Here in the "wild west" of Donegal, in Ireland, most people (despite an education system that attempts to diminish the value of this kind of knowledge) can easily point to around 5-15 species of weeds and name a "use" for them - usually medicinal, rather than dietary. And that is the point. There is (to me) excellent evidence that humans have been "paying attention" to the plants in their own neighbourhoods for perhaps hundreds of thousands of years, and many of the plants that they would have studied and accumulated knowledge about would not have formed a part of their regular diet but would have been known to treat various illnesses or injuries. For example, almost every local plant lore contains certain classes of plants - western europeans treasured comfrey for its mucilaginous, wound healing properties, for example, and analogous plants, with similar properties, would be known to humans in other habitats where comfrey does not grow.

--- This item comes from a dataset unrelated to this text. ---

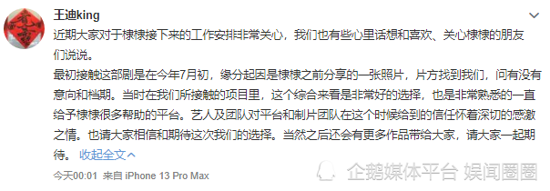 该剧是在《苍兰诀》播出之前7月剧方平台主动接触的,王鹤棣团队感谢平台和制片团队一直以来的支持。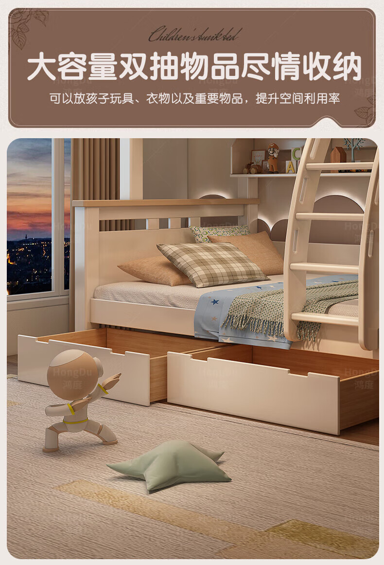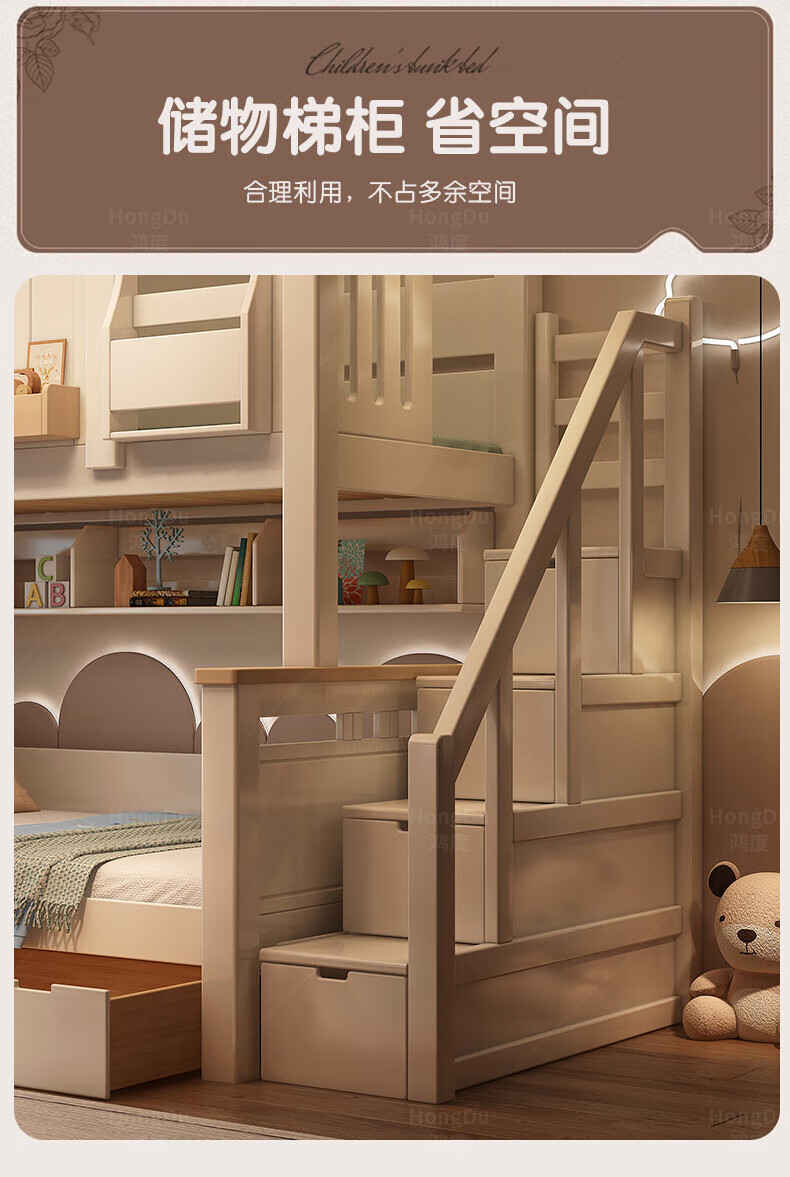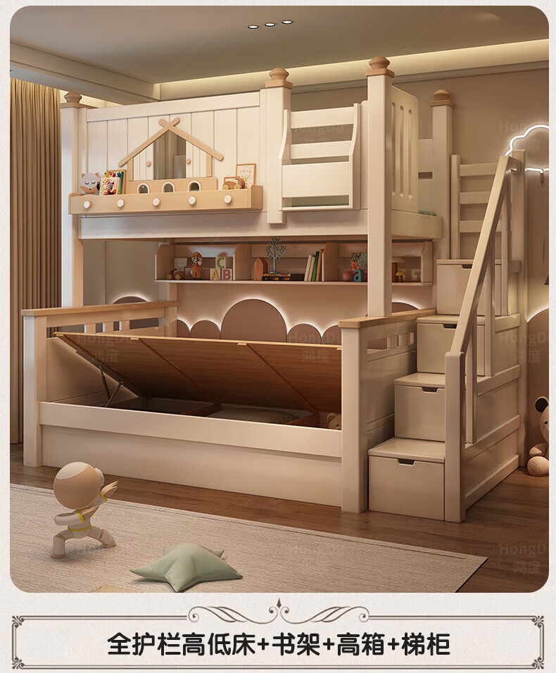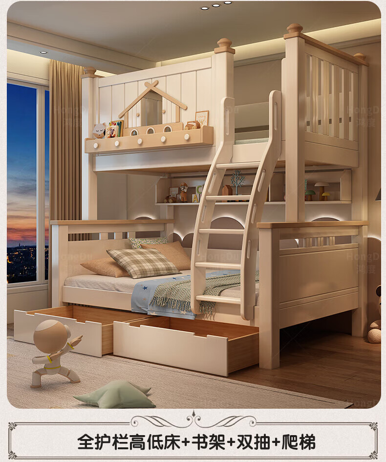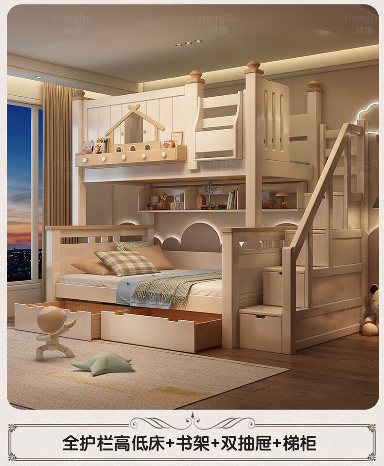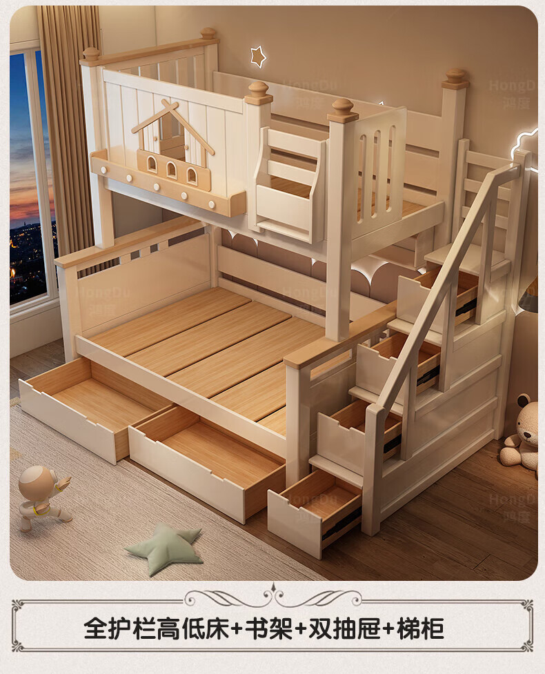 Fenlis all solid wood bed and bunk bed, children's bed, high and low beds do not interfere with each other, double bed and double bed with high guardrails, high and low bed + bookshelf + double drawers + ladder cabinet, bottom bunk 1.5*1.9 meters, upper bunk 1.2*1.9 meters

This does not address the question of the role of plant foods in the diet, as such, but is more a reflection on the role of plants in folk medicines all around the world, and the attention and interest humans have lavished on this subject. It might have been precisely the "hormetic" effects mentioned here and at whole health source, that commonly drew human attention to the intensive study of their own neighbourhood's plant life.